By Daniel Lancaster, CFA® | The Wealth Expedition
Along The Wealth Expedition, investing is about reaching meaningful goals—financial independence, flexibility, security, and the ability to live intentionally.
To do that successfully, investors must understand the different types of investment risk measures.
But risk is often equated with volatility, or standard deviation—in fact, that's often the only risk measure that's discussed. When a market drops, it's natural to assume something has gone wrong.
In reality, temporary declines are normal.
Corrections (a drop of 5% to 10%) often happen multiple times in any given year.
Pullbacks (a drop of 10% to 20%) don't happen every year, but within a two year span they can be highly likely.
Trying to predict every downturn or perfectly time the market is not only near impossible—it often slows investors down dramatically.
That means learning how to measure risk, accepting risks that offer long-term return potential, diversifying away risks that don't provide compensation, and building a strategy capable of navigating many different market environments.
Understanding risk is therefore not about avoiding uncertainty.

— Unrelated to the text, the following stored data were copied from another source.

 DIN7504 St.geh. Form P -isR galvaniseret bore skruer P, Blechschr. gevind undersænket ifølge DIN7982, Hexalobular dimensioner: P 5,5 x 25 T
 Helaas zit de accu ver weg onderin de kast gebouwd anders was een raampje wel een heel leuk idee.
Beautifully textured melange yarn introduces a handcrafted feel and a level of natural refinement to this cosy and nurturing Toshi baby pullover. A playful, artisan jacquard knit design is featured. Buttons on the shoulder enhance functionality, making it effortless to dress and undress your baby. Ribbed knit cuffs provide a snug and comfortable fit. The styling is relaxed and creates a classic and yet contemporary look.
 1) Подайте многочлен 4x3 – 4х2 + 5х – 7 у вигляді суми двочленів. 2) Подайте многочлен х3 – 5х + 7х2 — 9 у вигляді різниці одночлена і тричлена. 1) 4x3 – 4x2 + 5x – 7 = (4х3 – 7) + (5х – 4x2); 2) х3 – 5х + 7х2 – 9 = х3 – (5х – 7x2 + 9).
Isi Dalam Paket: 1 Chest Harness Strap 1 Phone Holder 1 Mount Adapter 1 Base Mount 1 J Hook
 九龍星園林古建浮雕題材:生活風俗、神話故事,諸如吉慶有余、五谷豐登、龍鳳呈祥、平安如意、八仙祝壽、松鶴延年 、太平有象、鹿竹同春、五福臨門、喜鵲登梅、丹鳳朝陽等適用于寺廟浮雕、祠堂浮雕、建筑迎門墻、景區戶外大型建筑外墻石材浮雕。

It's about managing it intelligently.
Why Risk Matters in the Wealth Expedition
Every financial journey involves trade-offs between risk and reward.
If you take too little risk, your investments may grow too slowly to achieve long-term objectives such as retirement or financial independence.

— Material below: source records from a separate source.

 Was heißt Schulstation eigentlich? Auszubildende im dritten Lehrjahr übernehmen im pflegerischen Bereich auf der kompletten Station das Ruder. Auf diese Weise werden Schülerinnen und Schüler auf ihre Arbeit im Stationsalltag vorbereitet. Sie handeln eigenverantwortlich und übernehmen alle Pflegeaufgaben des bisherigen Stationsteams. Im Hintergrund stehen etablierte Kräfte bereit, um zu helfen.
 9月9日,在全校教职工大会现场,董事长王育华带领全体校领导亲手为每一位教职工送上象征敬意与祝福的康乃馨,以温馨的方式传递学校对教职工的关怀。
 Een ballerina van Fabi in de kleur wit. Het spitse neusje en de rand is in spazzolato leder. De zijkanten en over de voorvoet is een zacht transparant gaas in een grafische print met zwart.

If you take too much risk, a severe downturn could delay your progress or cause emotional decisions that derail your strategy.

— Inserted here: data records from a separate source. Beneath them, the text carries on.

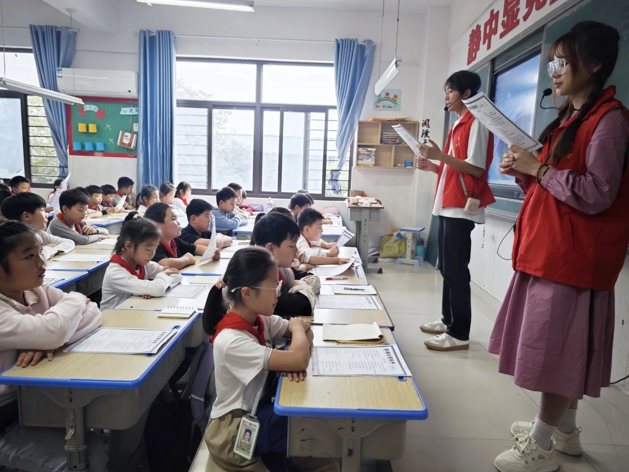 為深入貫徹黨的二十屆三中全會精神,組織團員青年廣泛開展基層學習宣講活動,進一步加強青少年的愛國主義教育,更好地理解和傳承紅色基因,珍惜當下生活,根據學校《共青團河南工業貿易職業學院關于做好黨的二十屆三中全會精神學習宣傳的通知》文件要求,結合我院工作實際,院團總支于10月11日下午在紅河谷小學開展了紅色詩歌第一期宣講活動。
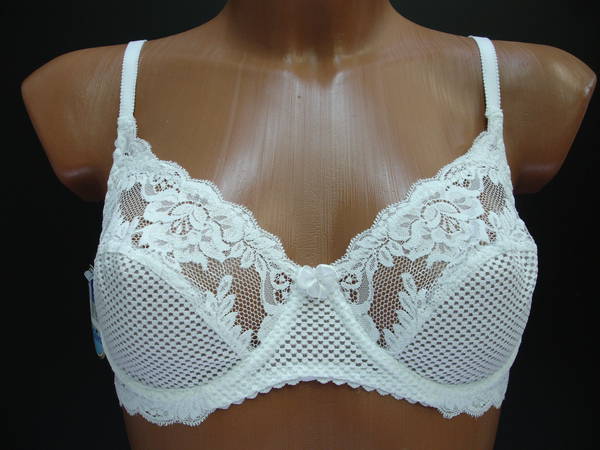 Бюстгальтер с мягкой чашечкой и диагональным швом из эластичного кружевного полотна, на каркасах. Нижняя часть чашечки продублирована изнутри сетчатой основой. Стан, бочка и спинка выполнены из эластичного кружевного полотна. Стан продублирован изнутри сетчатой основой. Высота бочка 9-11 см. Регулятор длинны брители сзади. Застежка от 75В-75D на одном крючке, от 75Е, 80В- 85Е на два кручка, два варианта объема. Между чашечками на стане украшен маленьким бантиком.
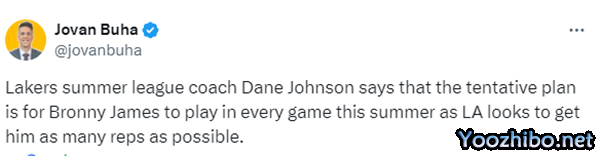湖人队夏季联赛教练丹尼-约翰逊表示,球队的计划是让布朗尼参加今年夏天的每场比赛,因为湖人队希望他获得尽可能多的上场机会。

The goal is not to eliminate risk entirely, because that would eliminate opportunity. Instead, investors should focus on measuring investment risk, understanding where it comes from, and structuring portfolios that balance growth potential with resilience.
This approach allows time to do the heavy lifting.
Over decades, disciplined investing typically benefits from the long-term upward trend of productive assets like stocks and businesses. But along the way, markets will experience volatility, recessions, and unexpected shocks.
The key is building a strategy that can survive those environments and still thrive over the time horizon for your investment.
Types of Investment Risk Measures
Professional investors rely on a variety of investment risk measures to evaluate portfolios. Each one highlights a different dimension of risk, because no single metric tells the whole story.
By understanding these tools, investors can make more informed decisions about diversification, asset allocation, and portfolio construction.
Standard Deviation Risk: The Traditional Measure of Volatility
One of the most widely used investment risk measures is standard deviation.
Standard deviation risk measures how much an investment's returns fluctuate around its average return. In other words, it captures the degree of volatility in a portfolio.
Imagine two investors, Anna and Bob. They both start with $10,000 and hold their investments for five years.
If you only looked at the arithmetic average, Anna looks like the winner. Her average annual return was 12.2%, while Bob's was only 9%.
However, if you look at their bank accounts at the end of Year 5, both Anna and Bob have approximately $15,380. This is a geometric return of about 9% annually.
An asset with a high standard deviation experiences these larger swings. While the "average" might look high on a spreadsheet, the actual compounded growth—the geometric mean—is dragged down by the variance. Asset B, with its low standard deviation, provided a "smoother ride" and reached approximately the same destination with far less fluctuation (and less stress!).
An asset with high standard deviation experiences larger swings—both upward and downward—while an asset with low standard deviation tends to move more steadily.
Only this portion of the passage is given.